Che versione di genkernel hai installata?

Prova a fare un downgrade e a ricompilare il kernel.

 *saturday wrote:*   

> edit: Going back to genkernel-3.3.11 and "genkernel --oldconfig all" indeed fixed this little problem.

 

----------

## .:chrome:.

genkernel 3.3.11 è nato davvero male.

disinstallalo completamente (CONFIG_PROTECT="-*" emerge -C genkernel) e metti in package.mask genkernel-3.3.11 e genkernel-3.3.11d

poi reinstalla. verrà installata la versione 3.3.10 che non soffre di tutti questi bug

tutto questo alla faccia di quelli che pensano solo a fare la corsa all'ultima versione

----------

## rivent

si, ho visto. ma ho gia usato la versione: 3.3.11d

----------

## .:chrome:.

 *rivent wrote:*   

> si, ho visto. ma ho gia usato la versione: 3.3.11d

 

non importa. basta che la disinstalli e reinstalli la vecchia.
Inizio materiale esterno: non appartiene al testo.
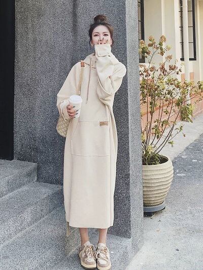 高級感 気質 おしゃれ スウェット ワンピース フード付き 春秋 ワンピース ゆったり 長袖ワンピース ロング ワンピース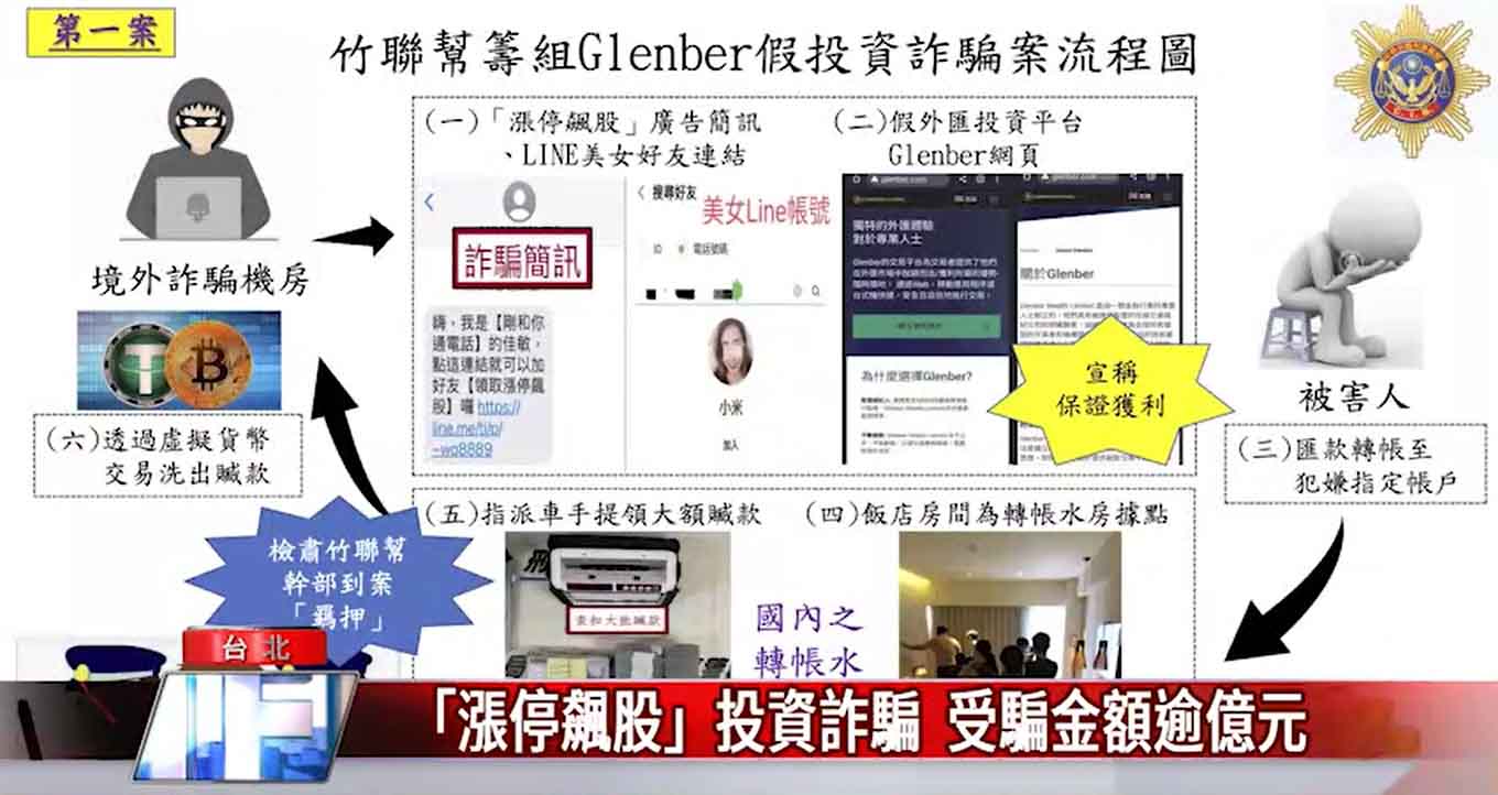 刑事局偵七大隊在這次「全國同步打擊詐欺專案」期間,破獲一宗以陳姓男子為首的投資型詐騙集團。該集團以發送大量廣告簡訊,聲稱有門路投資「漲停飆股」,民眾透過簡訊連結加入通訊軟體好友後,詐騙集團再以美女照片與民眾聊天,取得信任後再誘騙民眾去假外匯平台「Glenber」投資。民眾起先投資嚐到甜頭後加碼,詐騙集團就消失無蹤,該集團以此手法行騙,短短數月以來騙走超過1億元。

fatto questo ovviamente (l'avevo dato per scontato) devi ricompilare il kernel. non serve che fai nient'altro che lanciare genkernel: il vecchio .config non viene toccato

----------

## rivent

 *k.gothmog wrote:*   

> genkernel 3.3.11 è nato davvero male.
> 
> disinstallalo completamente (CONFIG_PROTECT="-*" emerge -C genkernel) e metti in package.mask genkernel-3.3.11 e genkernel-3.3.11d
> 
> poi reinstalla. verrà installata la versione 3.3.10 che non soffre di tutti questi bug
> ...

 

ok, provo...

----------

## thewally

 *rivent wrote:*   

> si, ho visto. ma ho gia usato la versione: 3.3.11d

 

Fai quello che ti ha detto k.gothmog, quella è la soluzione   :Wink: 

----------

## rivent

ok, risolto!

ho emerso la versione 3.3.10 , e ricompilato.   

ora non da più l'errore!   :Very Happy: 

Grazie a tutti!

un'ultima cosa...    il log dei messaggi al boot, dove viene salvato?

----------

## .:chrome:.

 *rivent wrote:*   

> un'ultima cosa...    il log dei messaggi al boot, dove viene salvato?

 

dipende da quali log vuoi

quelli del kernel sono visibili con il comando dmesg | less

quelli di init non sono visibili, però ho visto che nelle versioni nuove di baselayout c'è la possibilità di salvarli (serve però un tool userspace per poterli leggere. non ho mai approfondito la cosa)

nel caso volessi tentare questa strada, io credo che il nuovo baselayout (versione 1.12) sia arrivato ad una maturazione sufficiente per allargare il test alla grande massa.

----------

## rivent

 *k.gothmog wrote:*   

>  *rivent wrote:*   un'ultima cosa...    il log dei messaggi al boot, dove viene salvato? 
> 
> dipende da quali log vuoi
> 
> quelli del kernel sono visibili con il comando dmesg | less
> ...

 

ok, grazie.

si, intendevo tutti e messaggi dall'avvio.  quindi anche dell'init. Ma pensavo che venissero gia salvati in un file di log. 

Allora mi accontendo di dmesg | less  :Surprised: 

----------